> **RECORDED DATA**
========================
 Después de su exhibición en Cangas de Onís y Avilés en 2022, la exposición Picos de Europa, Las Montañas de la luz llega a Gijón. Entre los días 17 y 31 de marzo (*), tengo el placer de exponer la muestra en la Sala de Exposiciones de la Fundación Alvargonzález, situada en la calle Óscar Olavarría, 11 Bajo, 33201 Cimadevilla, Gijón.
========================
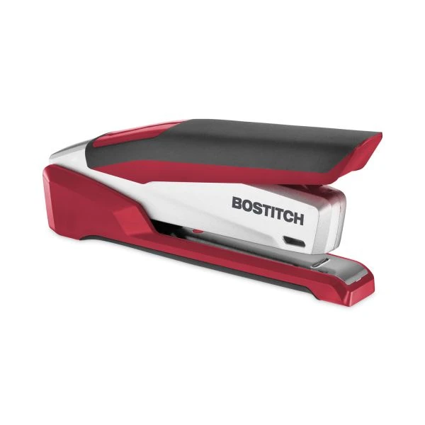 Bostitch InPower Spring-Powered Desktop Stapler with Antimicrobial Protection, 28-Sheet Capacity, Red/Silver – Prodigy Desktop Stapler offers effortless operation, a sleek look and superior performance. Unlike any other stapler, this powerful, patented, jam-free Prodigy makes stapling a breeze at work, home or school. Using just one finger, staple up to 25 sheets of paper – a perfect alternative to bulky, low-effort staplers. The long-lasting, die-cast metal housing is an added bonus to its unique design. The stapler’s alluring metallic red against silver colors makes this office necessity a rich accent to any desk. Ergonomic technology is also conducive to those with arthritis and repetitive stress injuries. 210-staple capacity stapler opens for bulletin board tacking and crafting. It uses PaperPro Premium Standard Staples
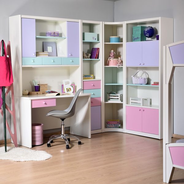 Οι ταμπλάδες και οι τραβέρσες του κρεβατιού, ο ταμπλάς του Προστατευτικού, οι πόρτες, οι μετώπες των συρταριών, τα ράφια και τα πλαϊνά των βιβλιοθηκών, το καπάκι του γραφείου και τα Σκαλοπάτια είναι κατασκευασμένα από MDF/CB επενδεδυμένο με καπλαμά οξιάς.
========================
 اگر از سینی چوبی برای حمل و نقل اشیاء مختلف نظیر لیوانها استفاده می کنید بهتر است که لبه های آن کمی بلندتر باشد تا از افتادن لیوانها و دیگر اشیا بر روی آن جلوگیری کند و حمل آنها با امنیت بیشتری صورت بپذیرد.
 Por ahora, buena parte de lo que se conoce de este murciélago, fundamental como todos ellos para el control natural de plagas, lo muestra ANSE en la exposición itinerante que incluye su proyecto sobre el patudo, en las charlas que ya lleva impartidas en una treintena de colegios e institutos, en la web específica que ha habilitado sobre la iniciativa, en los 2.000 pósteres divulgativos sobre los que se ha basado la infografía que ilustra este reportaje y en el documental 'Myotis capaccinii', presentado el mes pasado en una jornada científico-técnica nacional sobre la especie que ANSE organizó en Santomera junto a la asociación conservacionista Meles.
========================
> **ASSIGNMENT**
Look above and copy only the lines from the one holding "Bostitch InPower Spring-Powered" to the one holding "Οι ταμπλάδες και", both included, exactly, minus the pictures.

> **OUTPUT OF THE TASK**
 Bostitch InPower Spring-Powered Desktop Stapler with Antimicrobial Protection, 28-Sheet Capacity, Red/Silver – Prodigy Desktop Stapler offers effortless operation, a sleek look and superior performance. Unlike any other stapler, this powerful, patented, jam-free Prodigy makes stapling a breeze at work, home or school. Using just one finger, staple up to 25 sheets of paper – a perfect alternative to bulky, low-effort staplers. The long-lasting, die-cast metal housing is an added bonus to its unique design. The stapler’s alluring metallic red against silver colors makes this office necessity a rich accent to any desk. Ergonomic technology is also conducive to those with arthritis and repetitive stress injuries. 210-staple capacity stapler opens for bulletin board tacking and crafting. It uses PaperPro Premium Standard Staples
 Οι ταμπλάδες και οι τραβέρσες του κρεβατιού, ο ταμπλάς του Προστατευτικού, οι πόρτες, οι μετώπες των συρταριών, τα ράφια και τα πλαϊνά των βιβλιοθηκών, το καπάκι του γραφείου και τα Σκαλοπάτια είναι κατασκευασμένα από MDF/CB επενδεδυμένο με καπλαμά οξιάς.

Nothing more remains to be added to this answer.